И мы выбрались из кабака, оставив открытие на неписей. Они с этим прекрасно справлялись, для того и написаны. В реале бы так просто можно было, эх…
— Ты удивительный человек, Мёрдок, — заметил Иствуд по пути.
Лошадь мы брать не стали, я вполне мог ковылять так, и даже весьма бодро. Иствуд лошадь держал больше для понтов, а рано утром — какие понты? Не видит же никто.
— Само собой, я рок-звезда, — подтвердил я.
— Я не об этом. Когда ты опасался Экси, то шёл к дворцу в тяжёлой броне, хотя Экси тебя всего лишь любила. А сейчас, когда тебя пытается зарезать безумная непись, ты шагаешь так, словно тебя с каждой крыши прикрывает снайпер.
— Ну, ты сравнил! — удивился я. — Смерть и пидорство! Разные вещи, ковбой.
— Ладно, — вздохнул Иствуд. — Слушай, я вот чего подумал. Пиар-менеджмент — это, конечно, совершенно не моё, но ты как-то обмолвился, что хочешь слышать голоса участников группы…
Я вспомнил, как я «обмолвился», и мысленно хихикнул. Это когда Иствуд рыдал в камине, а Рома ссался в углу. Ну да, «обмолвился», есть грешок.

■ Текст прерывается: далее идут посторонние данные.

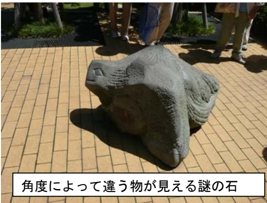
角度によって違う物が見える謎の石

まずは芝浦アイランドを1周。芝浦アイランドの人工の潮だまりでは、たくさんのベンケイガニを見ることができました。食べられるかどうか気にしている人がいましたが、残念ながら基本的に食用ではないとのこと。でも、中華料理ではベンケイガニの卵を使った料理もあるのだとか。
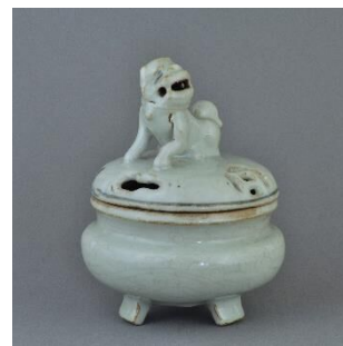
《白呉須獅子蓋香炉》 明時代 16～17世紀 個人蔵

吉村観阿(1765-1848)は、江戸時代後期、茶の湯道具の“目利き”で人生を切り拓いた人物です。大名茶人・松平不味や新発田藩主・溝口家に出入りし、蔵品の鑑定や数寄道具の取り次ぎで活躍。そうした実績から観阿の箱書きはそれ自体が価値となり、現代に至るまで高く評価されています。本展は観阿が大名茶人らに取り次いだ茶道具や、江戸における様々な文化人との交流を物語る資料を展観し、知られざる目利きの足跡とその美意識にせまります。

— Я думаю, нам нужно распустить слухи о покушении, — сказал Иствуд. — По идее, это должно добавить тебе популярности. Ты — народный герой, и когда у тебя проблемы…

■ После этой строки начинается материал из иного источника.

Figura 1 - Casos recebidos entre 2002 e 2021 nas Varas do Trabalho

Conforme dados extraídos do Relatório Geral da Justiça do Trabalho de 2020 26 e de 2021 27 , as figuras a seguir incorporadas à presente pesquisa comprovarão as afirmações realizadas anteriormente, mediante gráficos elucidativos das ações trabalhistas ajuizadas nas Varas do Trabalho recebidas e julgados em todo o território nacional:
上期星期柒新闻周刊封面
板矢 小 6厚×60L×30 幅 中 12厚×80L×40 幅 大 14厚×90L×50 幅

— Не, Иствуд, — перебил я и для пущей выразительности покачал головой. — Это так не работает.
— Разве?
— Угу. Ещё в двадцатом веке — очень да, в начале двухтысячных — вполне возможно. А сейчас всё иначе. Пидарас любит, когда герой крутой и п**дит всех одним движением пениса, не испытывая никаких затруднений. А если героя режут ножом — у пидараса опадает писька, он теряется, недоумевает, как следствие — ссытся, а будучи обоссанным на таком морозе — расстраивается и визжит, что герой неправильный. Пидарасы — они всё красивое и безупречное любят, твёрдое и непреклонное, как хер, проникающий в их задницы. Покажешь им хоть тень слабины — и они ссутся на морозе. Проверено.
— Гхм… — озадачился Иствуд. — Возможно, но… Ведь не все же пидарасы.
— Не все? — Я остановился и в задумчивости посмотрел на Иствуда, который под моим взглядом совсем смешался.
— В-в-вроде бы нет, — пробормотал Иствуд, но на всякий случай положил руку на кобуру. — Впрочем, соглашусь. Озадачивать себя какими-то проблемами народ не любит.
— Ну вот, а я о чём. Пидарасы-с.
В лавке алхимика я затарился капитально. Во-первых, набрал кучу зелий лечения. Во-вторых, с восторгом надыбал дорогущее (но рок-звезда может себе позволить) зелье исцеления ран.
— Тема? — спросил я у Иствуда, как у большего, чем я, эксперта по задротству.
Ковбой одобрительно кивнул.
— Дайте десять, — обратился я к алхимику, которому мы, судя по всему, собирались с утра пораньше сделать недельную выручку.